::: DATA FOR PROCESSING :::
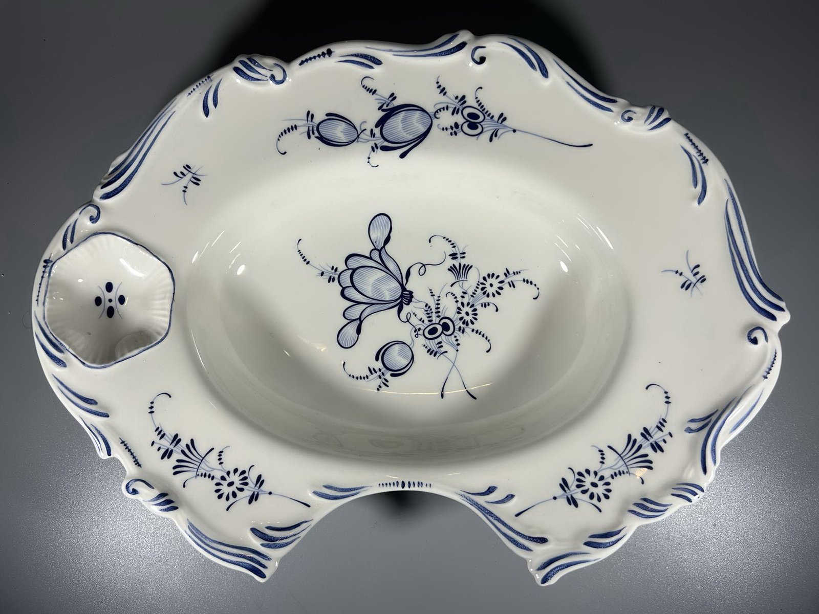 Dubuo barzdaskučio skutimuisi, porcelianinis Villeroy & Boch Vieux Luxembourg Septfontaines mėlynai baltų gėlių rašto skutimo, kirpimo, kirpėjo dubuo. Ilgis 32 cm. Plotis 23 cm. Aukštis 6 cm. Kaina 73
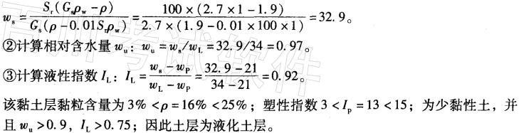 解析 根据《水利水电工程地质勘察规范》(GB 50487 — 2008)附录P第P.0.4条,分析步骤如下: ①计算少黏性土的饱和含水量ws:
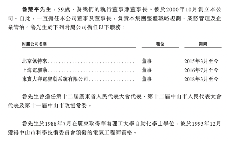 資料顯示,魯楚平,59歲,為公司執(zhí)行董事兼董事長(zhǎng)。其于2000年10月創(chuàng)立公司。自此,一直擔(dān)任公司董事及董事長(zhǎng),負(fù)責(zé)集團(tuán)整體戰(zhàn)略規(guī)劃、業(yè)務(wù)管理及企業(yè)管治。
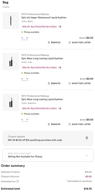 Stacking savings alert besties! Save 40% OFF NYX Professional Makeup Eyeliners when you BOPIS, buy online pick up in store at Ulta Beauty! PLUS use the code below to save an additional $3.50 OFF your $15+ purchase! Creamy pencils, waterproof liquid, blendable multi-taskers! With prices starting as low as $3, you can’t afford to miss this deal! Be sure to add on the FREE 17 Piece Body Care Set with any $90 purchase if your order qualifies!
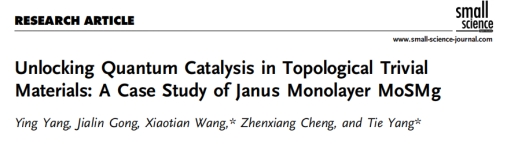 近日,物理与电子工程学院杨英教授关于拓扑催化材料的研究工作以新莆京游戏大厅官方入口为第一单位在《Small Science》上发表题为“Unlocking Quantum Catalysis in Topological Trivial Materials: A Case Study of Janus Monolayer MoSMg”的最新研究成果。《Small Science》是WILEY在2021年最新推出的纳米领域开放获取顶尖旗舰期刊,最新影响因子为11.1。《Small Science》旨在成为大科学时代国际高质量的跨学科科研技术交流平台,致力于报道来自纳米科学和纳米技术各个领域最具影响力的研究成果。
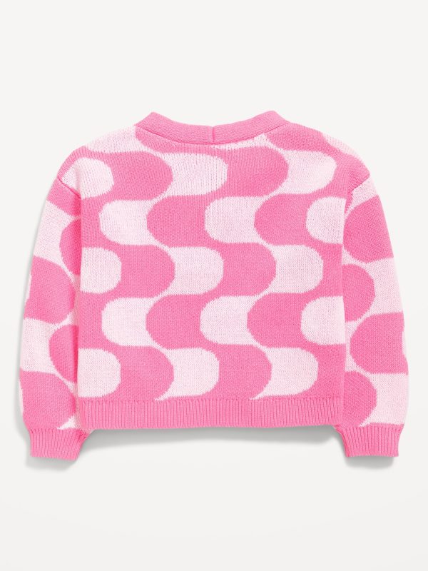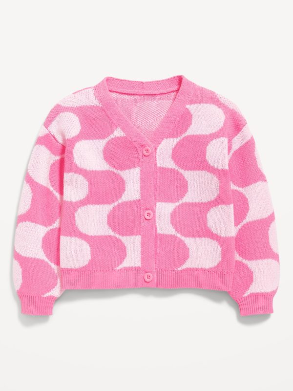 Button-Front Cardigan Sweater for Toddler Girls: v neck, long sleeves, drop shoulders, button front, all-over pattern, #762426
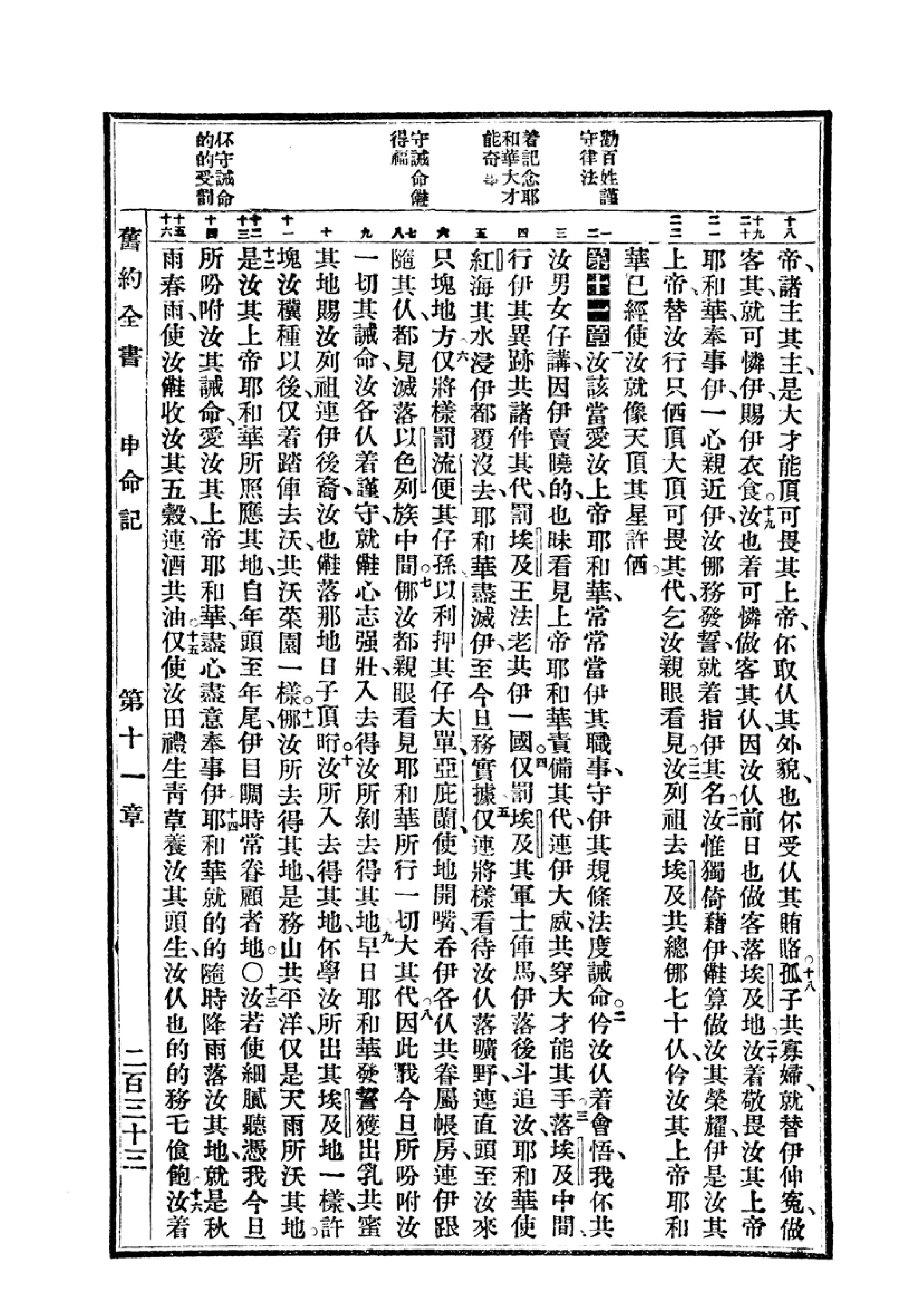 1940年福州土白《新舊約全書》 申命記 10 章 18 節到 11 章 16 節
:::
• _EXERCISE_
Give exactly those lines of the listing that run from its first line through the line with "資料顯示,魯楚平,59歲,為", leaving each picture out.

• _OUTPUT_
 Dubuo barzdaskučio skutimuisi, porcelianinis Villeroy & Boch Vieux Luxembourg Septfontaines mėlynai baltų gėlių rašto skutimo, kirpimo, kirpėjo dubuo. Ilgis 32 cm. Plotis 23 cm. Aukštis 6 cm. Kaina 73
 解析 根据《水利水电工程地质勘察规范》(GB 50487 — 2008)附录P第P.0.4条,分析步骤如下: ①计算少黏性土的饱和含水量ws:
 資料顯示,魯楚平,59歲,為公司執(zhí)行董事兼董事長(zhǎng)。其于2000年10月創(chuàng)立公司。自此,一直擔(dān)任公司董事及董事長(zhǎng),負(fù)責(zé)集團(tuán)整體戰(zhàn)略規(guī)劃、業(yè)務(wù)管理及企業(yè)管治。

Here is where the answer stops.